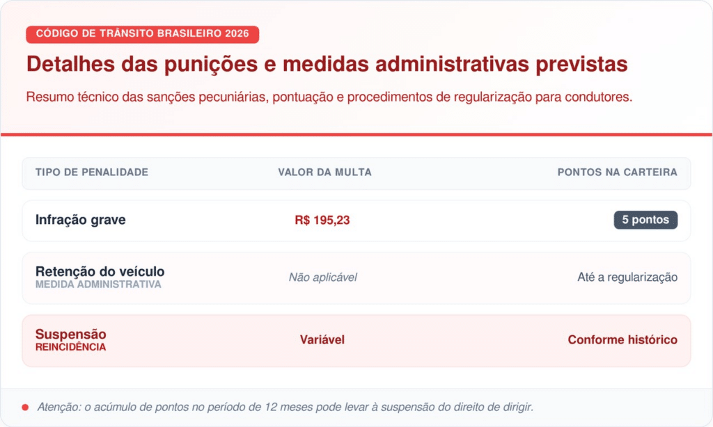 Em casos de reincidência ou situações de risco extremo, o veículo pode ser retido para regularização imediata. Para visualizar o impacto das penalidades e os valores envolvidos no sistema de pontuação da CNH, acompanhe o quadro comparativo abaixo:
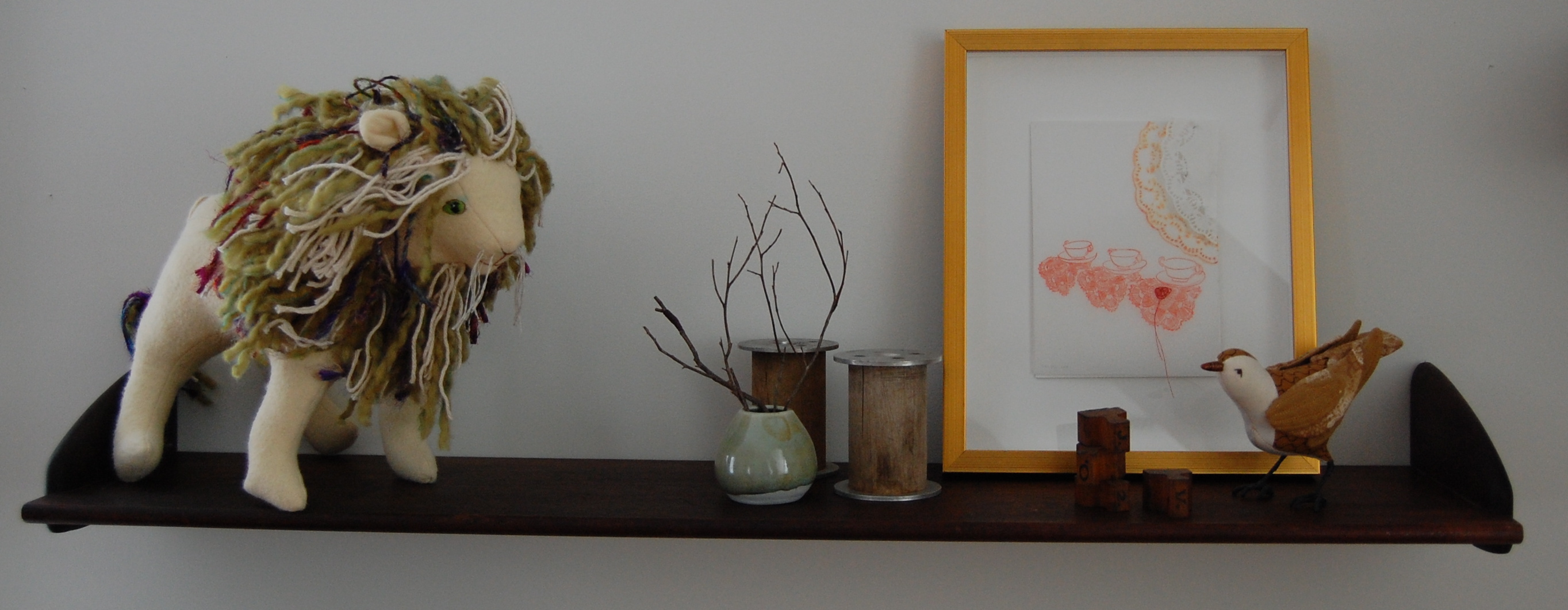 On the lower one I put my lion, some vintage spools, a little vase with some bare branches, vintage wooden alphabet stamps, a bird, and a collage Lisa Solomon gave me in a swap a year or two ago.
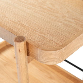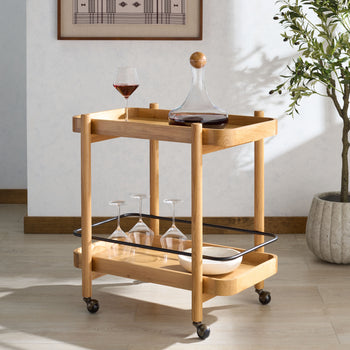 Introducing the KRYSTOF Wood 2 Shelf Barcart, a seamless blend of natural charm and modern sophistication. Crafted from a harmonious mix of wood and metal, this barcart adds a touch of elegance to your space. Its color effortlessly complements a variety of decor styles, making it a versatile addition to any setting. The KRYSTOF barcart features two roomy shelves that provide ample space to display your favorite beverages, glassware, and bar accessories. Whether you are hosting a gathering or enjoying a quiet evening, this barcart enhances the experience, keeping everything within easy reach. Built for both function and style, the KRYSTOF Wood 2 Shelf Barcart is an ideal choice for those who appreciate beautiful design and practicality. Elevate your home entertaining with this charming piece that effortlessly balances form and function. Create memorable moments and impress your guests with the KRYSTOF barcart, where timeless design meets modern flair.
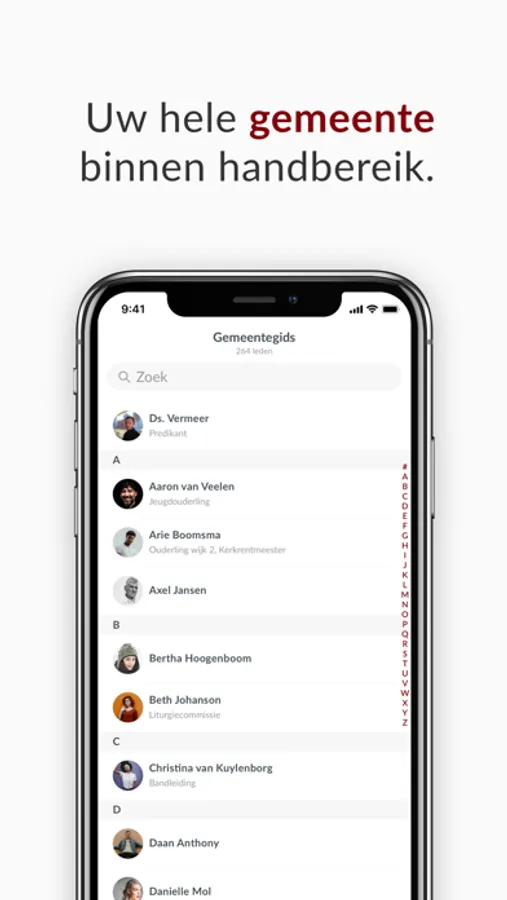 Wie zoekt er tegenwoordig nog een telefoonnummer op in het telefoonboek? Vrijwel niemand! Dankzij de gemeentegids feature is iedereen binnen uw kerkelijke gemeente terug te vinden. Snel berichten sturen, naar een adres navigeren of zien wat iemands rol in de kerk is? Met de digitale gemeentegids wordt het makkelijk.

+---+

→ EXERCISE GOAL
Pictures excluded, copy the lines exactly from where the material starts to the line with "On the lower", inclusive.

→ ANSWER FOR THIS EXERCISE
 Em casos de reincidência ou situações de risco extremo, o veículo pode ser retido para regularização imediata. Para visualizar o impacto das penalidades e os valores envolvidos no sistema de pontuação da CNH, acompanhe o quadro comparativo abaixo:
 On the lower one I put my lion, some vintage spools, a little vase with some bare branches, vintage wooden alphabet stamps, a bird, and a collage Lisa Solomon gave me in a swap a year or two ago.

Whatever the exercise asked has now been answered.